Personal information
- Full name: José Antonio Romero Morilla
- Date of birth: 26 December 1959 (age 65)
- Place of birth: La Roda de Andalucía, Spain
- Height: 1.78 m (5 ft 10 in)

Managerial career
- Years: Team
- 2004–2005: Córdoba B
- 2005–2009: Montilla
- 2009–2011: Córdoba (youth)
- 2013–2015: Córdoba B
- 2015: Córdoba (interim)

= José Antonio Romero =

Spanish football manager

José Antonio Romero Morilla (born 11 June 1980) is a Spanish football manager.

==Manager career==
Born in La Roda de Andalucía, Seville, Andalusia, Romero made his managerial debuts with Córdoba CF B, after being linked with the club for more than 20 years. On 29 June 2006 he was appointed Montilla CF manager, remaining in charge for three seasons but failing to achieve a promotion.

In 2009 Romero returned to Córdoba CF, now named as manager of the youth sides. Two years later, after taking the side to an impressive run in Copa del Rey Juvenil, he was appointed director of the youth setup.

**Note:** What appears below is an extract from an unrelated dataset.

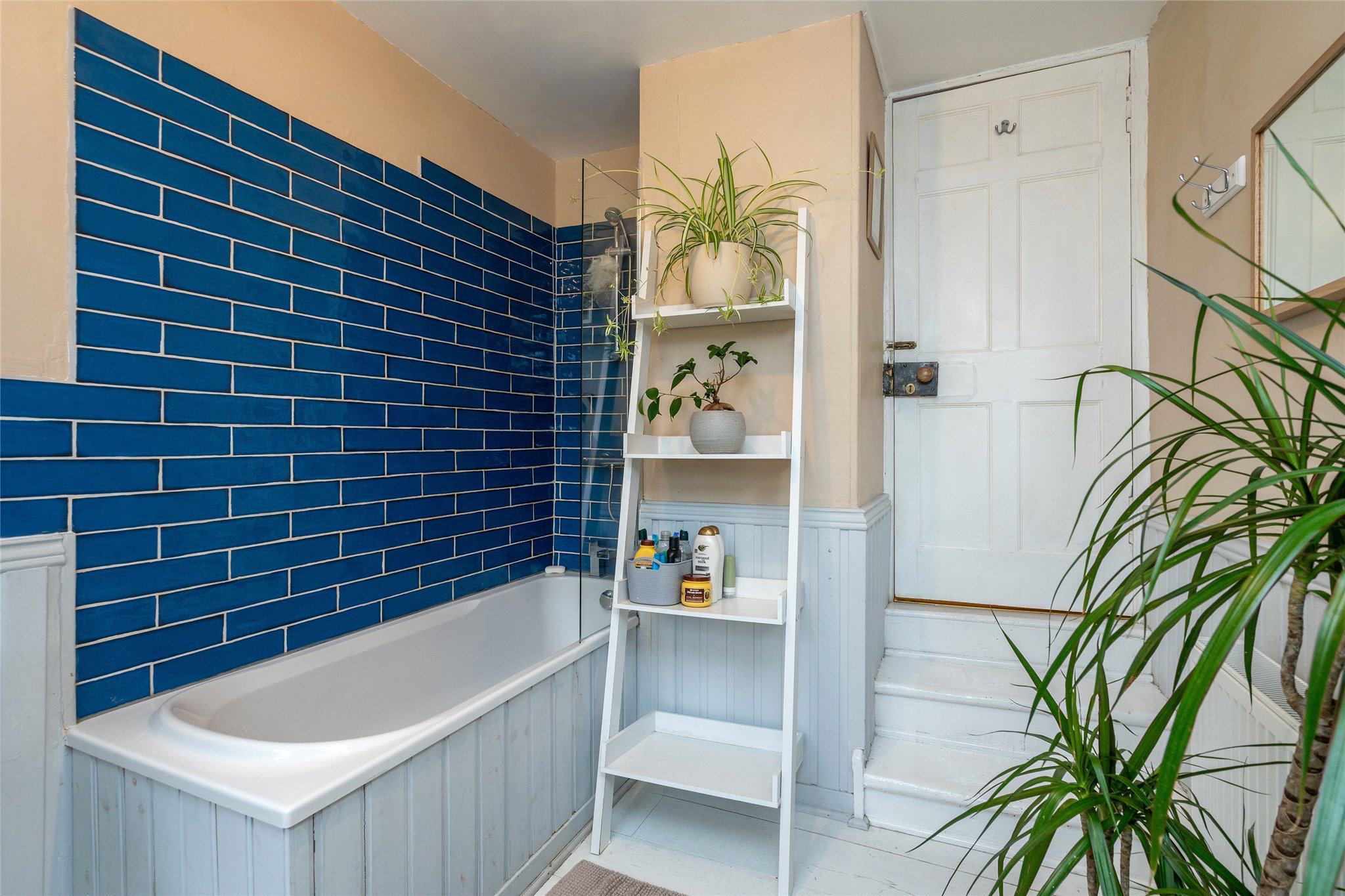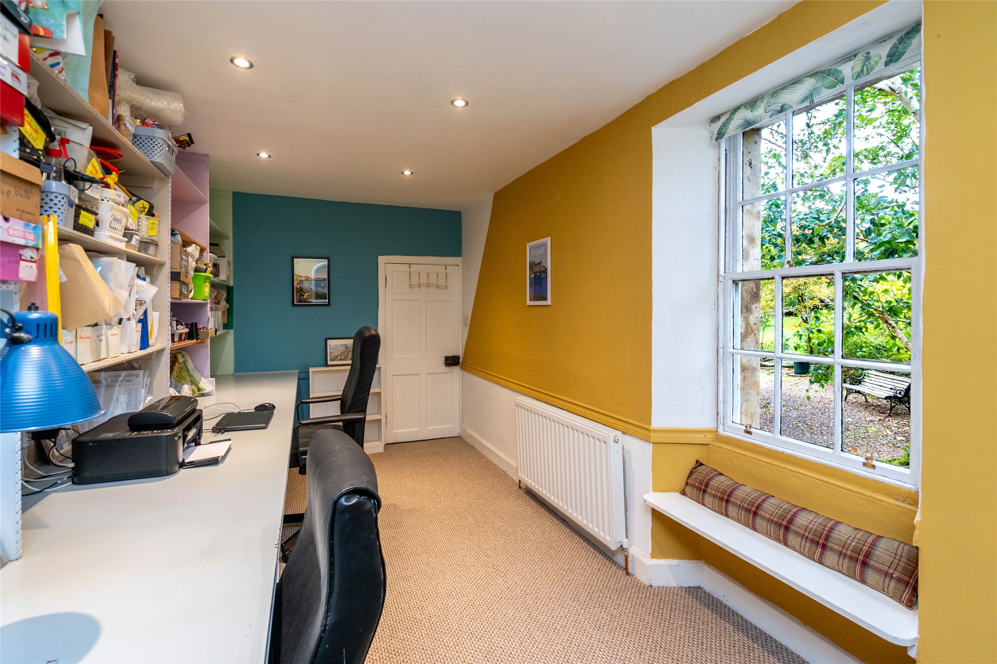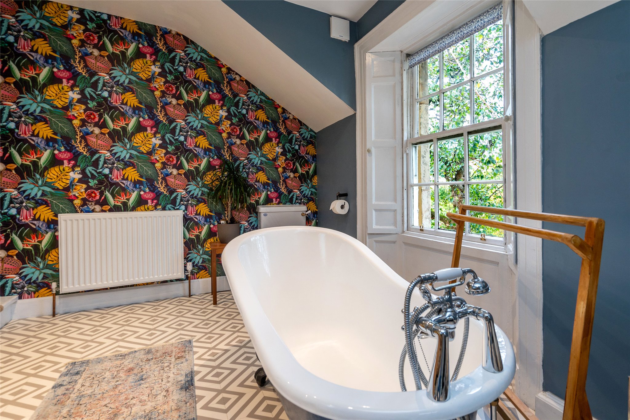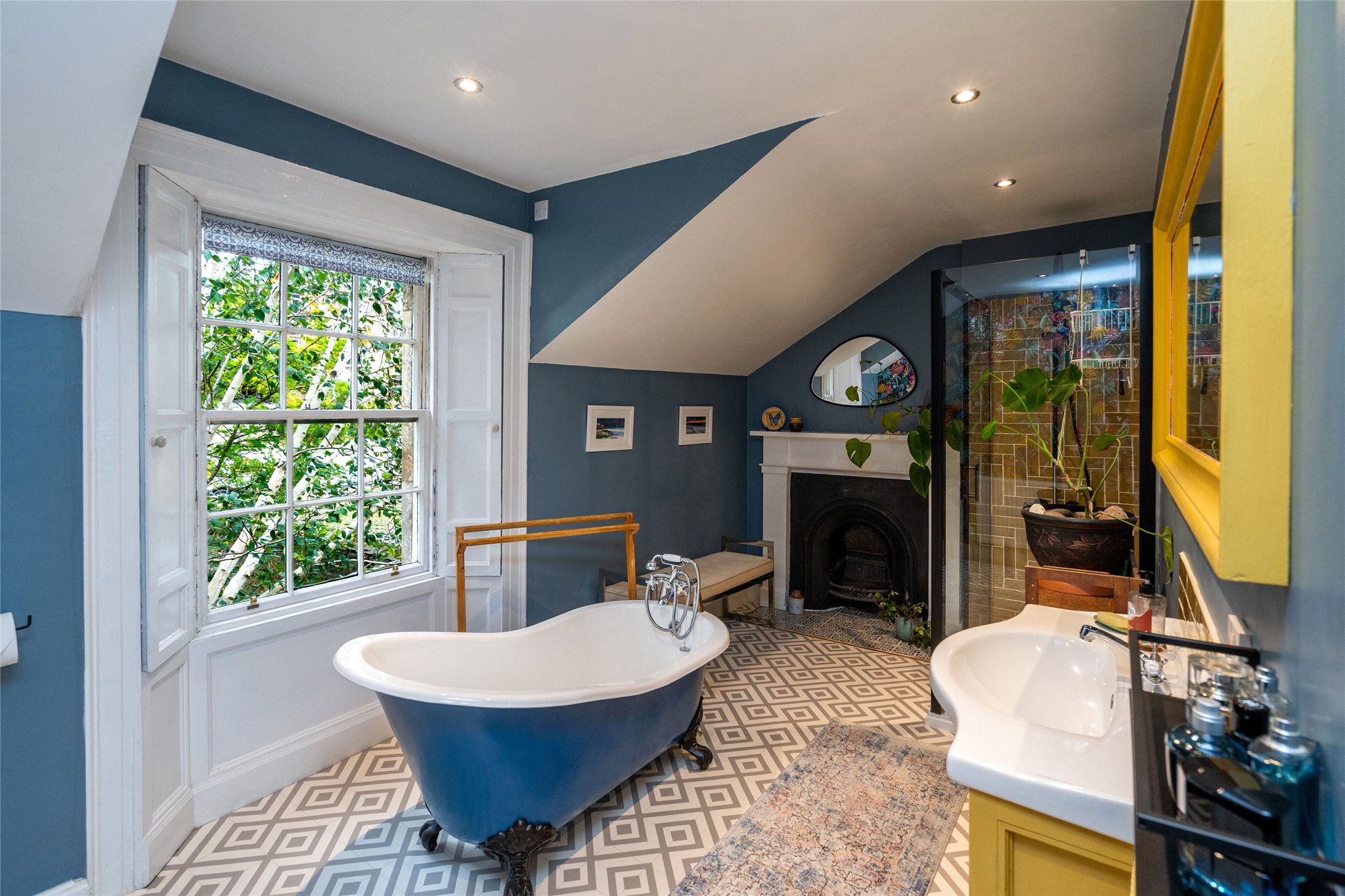 A gated driveway with its original 300-year-old gate welcomes you to the private walled garden. Here, an entrance vestibule adorned with a beautiful tiled floor opens into the ground floor hallway from which runs off a sizeable utility and larder. Stairs then ascend to the first-floor entrance vestibule, showcasing a striking stained-glass feature. From here, you are ushered up into an elegant lounge, where twin south-facing sash and case windows bathe the room in light. Generously proportioned, the space combines refined interior design with period charm, featuring original wooden flooring, tasteful wall finishes, intricate cornicing, a decorative ceiling rose, and a striking cast-iron fireplace that reflects the home’s historic character. Across the hallway, the kitchen impresses with its modern, tasteful aesthetic and has been upgraded to a high standard. Appliances include a recently purchased induction range cooker with a fan oven with an extractor hood, and the kitchen has high storage capacity. The dining room, also south-facing, offers a refined setting for formal entertaining or family meals. It retains beautiful period details, including a ceiling rose, wooden flooring, and a cast-iron fireplace set within an ornate tiled mantelpiece. A charming library and a quiet study provide ideal spaces to relax, read, or work from home in peace, whilst a well-appointed double bedroom and a sleek contemporary shower room complete the first floor. The second floor hosts a truly spectacular principal suite. Elegantly decorated and south-facing, it features an original fireplace and a dressing room. The luxurious en-suite bathroom is a standout feature, complete with its own open fireplace, a freestanding roll-top slipper bath, separate shower enclosure, washbasin built into vanity, and WC. Also on this floor are three additional well-appointed double bedrooms, each thoughtfully designed to provide comfort and style. All retain original fireplaces, adding character and warmth to the spaces. Perfect for family members or visiting friends and relatives, these generous bedrooms continue the home’s seamless blend of period charm and modern comfort. They share access to a light and airy family bathroom with WC, washbasin, and bath with a modern shower unit. The attic is floored, offering a variety of possibilities and providing access to a carpeted games room, ideal for young adults to enjoy.

On 15 October 2013 Romero returned to the Verdiblancos' reserve team, replacing fired Pepe Puche. On 16 March 2015, after Miroslav Đukić's dismissal, he was named interim manager of the main squad in La Liga.

Romero appeared in his first professional match on the 22nd, a 1–3 away loss against Real Sociedad. After failing to win a single match and suffering relegation as dead last, he was relieved from his duties, being named director of the club's Ciudad Deportiva.